Bien que nous soyons capables d’identifier nos sentiments, nous ne pouvons jamais identifier les origines inconscientes de ceux-ci. Nous créons alors des explications fausses ou partiellement vraies, que nous croyons. Le cerveau fait alors un tour de passe-passe assez surprenant : il cherche dans notre base de données mentale pour en extraire l’explication la plus plausible.

Croire que vous comprenez vos motivations et vos désirs, vos « j’aime » et « j’aime pas », est appelé l’illusion de l’introspection.

Les psychologues montrent que l’introspection n’est la plupart du temps qu’une fabrication et que vous n’avez aucun accès direct à la compréhension des origines de vos états mentaux.

Le philosophe Daniel Dennett propose comme piste possible que lorsque vous vous expliquez vos émotions ou vos comportements, vous le fassiez comme si vous étiez en train d’écouter quelqu’un d’autre parler à votre place.

Autre piste possible : écrire une autobiographie ou se lancer dans la rédaction d’un journal intime peuvent s’avérer être des activités plus efficaces pour apprendre à se connaître soi-même ou à guérir de traumatismes ou d’expériences émotionnelles :

Dans son livre Writing to Heal: A Guided Journal for Recovering from Trauma and Emotional Upheaval, Pennebaker propose aux gens troublés par une situation stressante ou des souvenirs douloureux cet exercice tout simple :

  • - Écrivez 20 minutes par jour pendant quatre jours.
  • - Relatez un conflit ou une crise grave, quelque chose de personnel et d’important qui vous a touché directement ; vous pouvez traiter du même sujet quatre fois ou en changer d’un jour sur l’autre.
  • - Écrivez d’une traite sans vous soucier des fautes de grammaire ou d’orthographe.
  • - Écrivez pour vous seulement.
  • - Si un sujet vous bouleverse, arrêtez d’écrire.
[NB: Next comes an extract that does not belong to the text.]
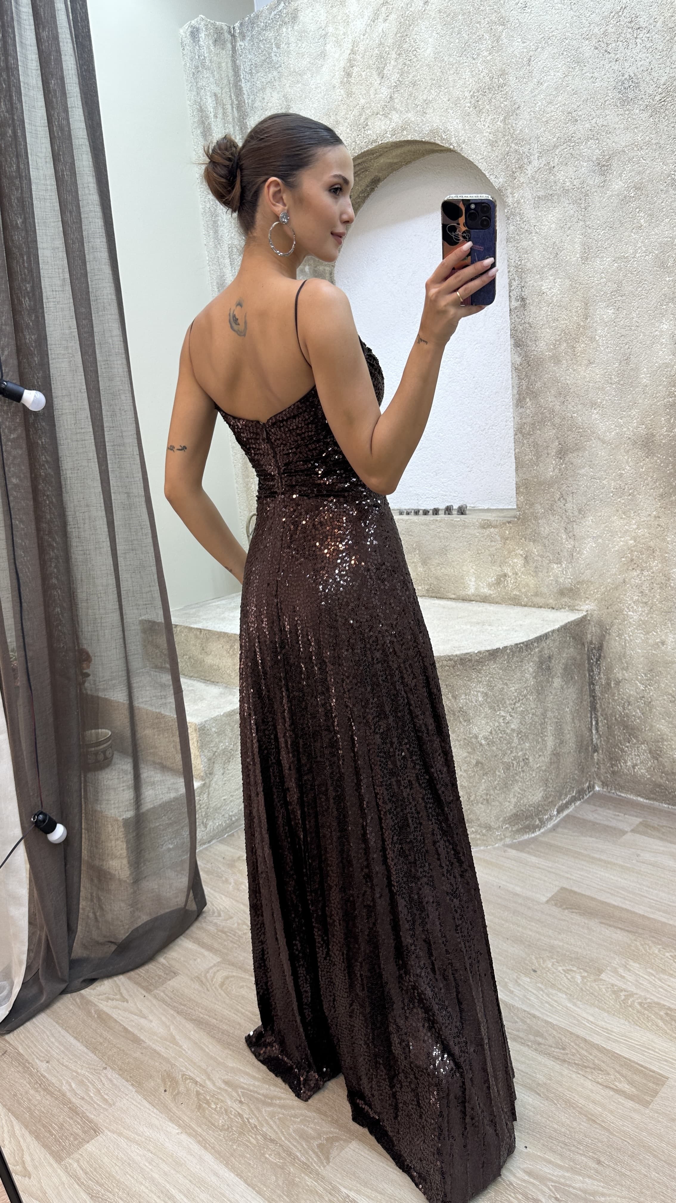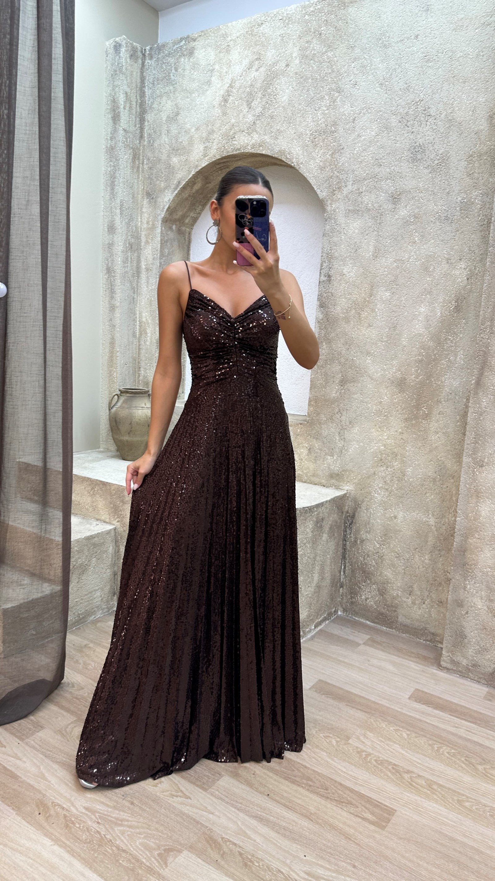 • Kahverengi İp Askılı Payet Abiye Elbise

L’inconscient est passé maître dans l’art d’utiliser des données limitées afin de construire une version de la réalité qui apparaît complète et cohérente à son partenaire, l’esprit conscient.

Les perceptions visuelles, la mémoire ainsi que les émotions sont une construction de données incomplètes, mélangées et conflictuelles. Nous utilisons cette même méthode pour construire notre image de nous-mêmes.

Le système 1 mélange faits et rêveries, en exagérant nos points forts et en minimisant ou occultant nos faiblesses, créant ainsi une sorte de séries de tableaux de Picasso où certaines parties sont disproportionnées (les parties de nous-mêmes que nous aimons) et où les autres sont réduites à l’invisibilité. Naïvement, l’esprit conscient admirera cet autoportrait en croyant que celui-ci est une représentation exacte de la réalité.

Pour reprendre la terminologie de Gurdjieff, l’homme se crée des tampons lui empêchant de voir la différence entre ce qu’il pense être et ce qu’il est réellement.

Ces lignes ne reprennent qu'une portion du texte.